SEOUL, Nov. 3 (Yonhap) -- The South Korean government said Tuesday that it will keep the current fixed book price system, which is aimed at helping local publishers stay afloat, nearly unchanged but will ease some discount regulations for customers.
Under the government-led fixed price system, which was first launched in 2003 and refreshed in 2014, the price of a book is determined by publishers, and online retailers are allowed to give a maximum 15 percent discount on all books published 18 months ago or more.
It was introduced to help local publishers survive the intense competition against large online bookstores who had churned out discount coupons in the early 2000s.
The government has reviewed the system every three years to check its feasibility in a timely manner.
"Considering the fixed price system's positive effects on the ecosystem of the publishing industry, we will maintain the system nearly intact but will fine-tune some details," the Ministry of Culture, Sports and Tourism said in a release.
It said bookstores and retailers will be able to reset the resale price of books 12 months after publication, down from the current 18 months.
The government will also update the nationwide publication distribution networking system to help local publishers register the price changes in an easier and more timely way.
For electronic publications such as webtoons, moreover, retailers can set the price tag with their own electronic cash unit.

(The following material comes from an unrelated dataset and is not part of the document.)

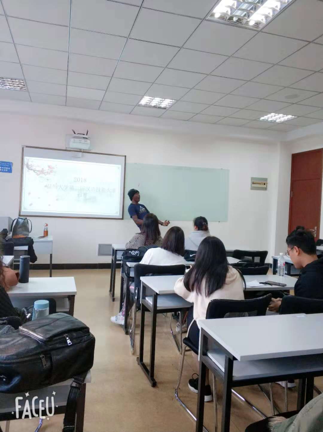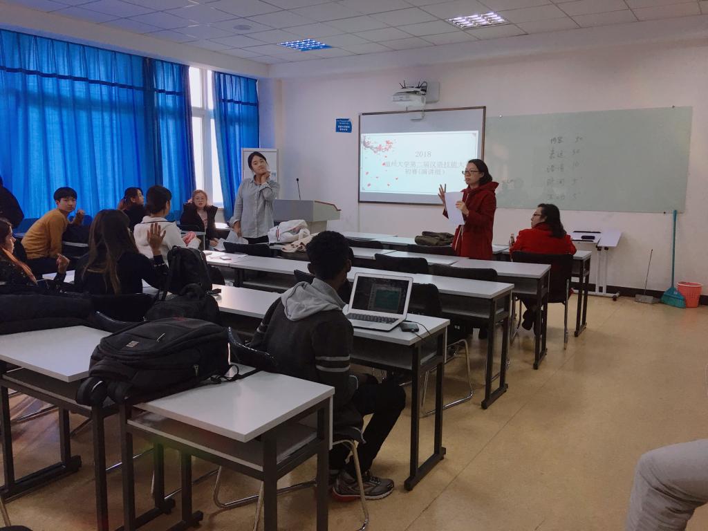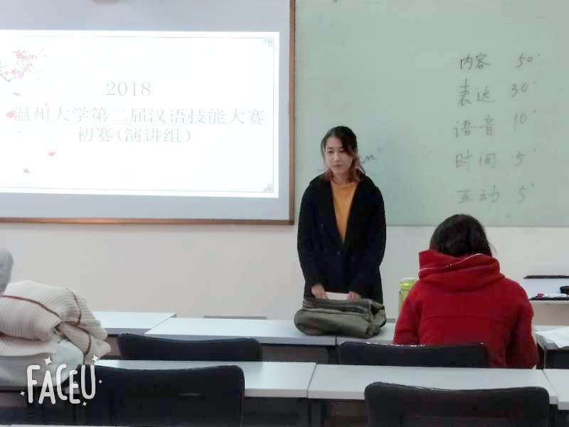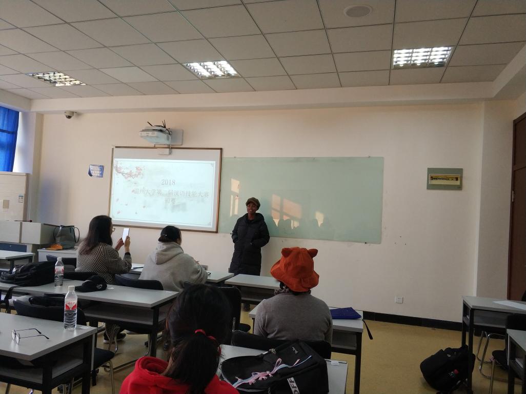 2018年11月26日下午3点半,我校第二届留学生汉语技能大赛初赛在beat365中文官方网站举办,来自韩国、泰国、喀麦隆、意大利、乌干达、埃塞俄比亚等多个国家的留学生参加了本次比赛。本次比赛涵盖演讲、歌唱、朗诵三个类别,分别在不同的教室同时进行。为了确保本次大赛评比的公开、公平、公正性,本次比赛邀请了六位老师作为此次比赛的评委。其中郑婷和金碧两位老师为演讲组的评委,阚文文和徐丽丽两位老师为朗诵组的评委,包含丽和张珉璐两位老师为歌唱组的评委。在比赛开始之前,各位老师首先向学生细致讲解了本次比赛的基本要求和打分细则,并通过抽签的形式确定参赛选手的顺序。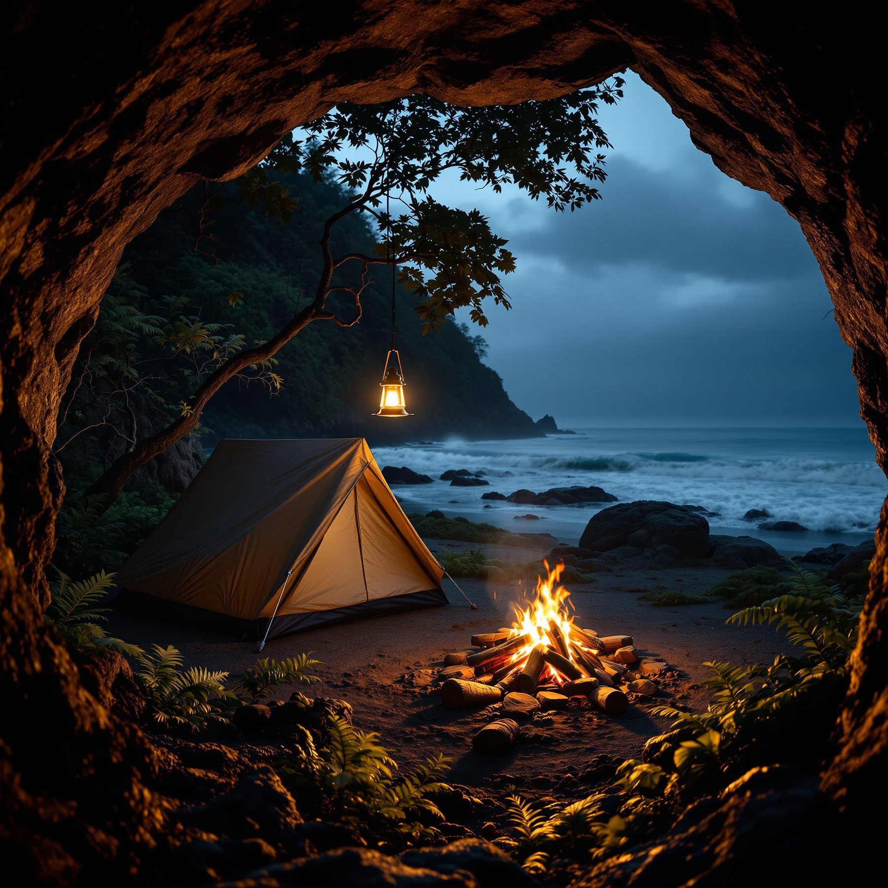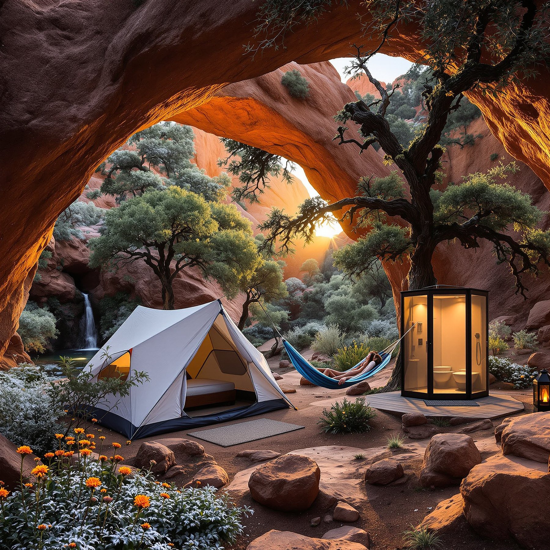 This cozy campsite sits under a giant red rock arch, surrounded by trees and bright flowers. There’s a comfy tent, a relaxing hammock, and even a cool shower right by a waterfall. The sun peeks through the rocks, making everything glow.

But the government will strengthen punishments for those who violate the pricing system multiple times. A fine of 5 million won (US$4,400), up from current 3 million won, awaits anyone caught as a third-time offender.
The culture ministry said it will have its ear to the ground to keep up with the fast-changing publication industry and meet the demands of customers.
The revision will be finalized after being discussed and passed at the parliament.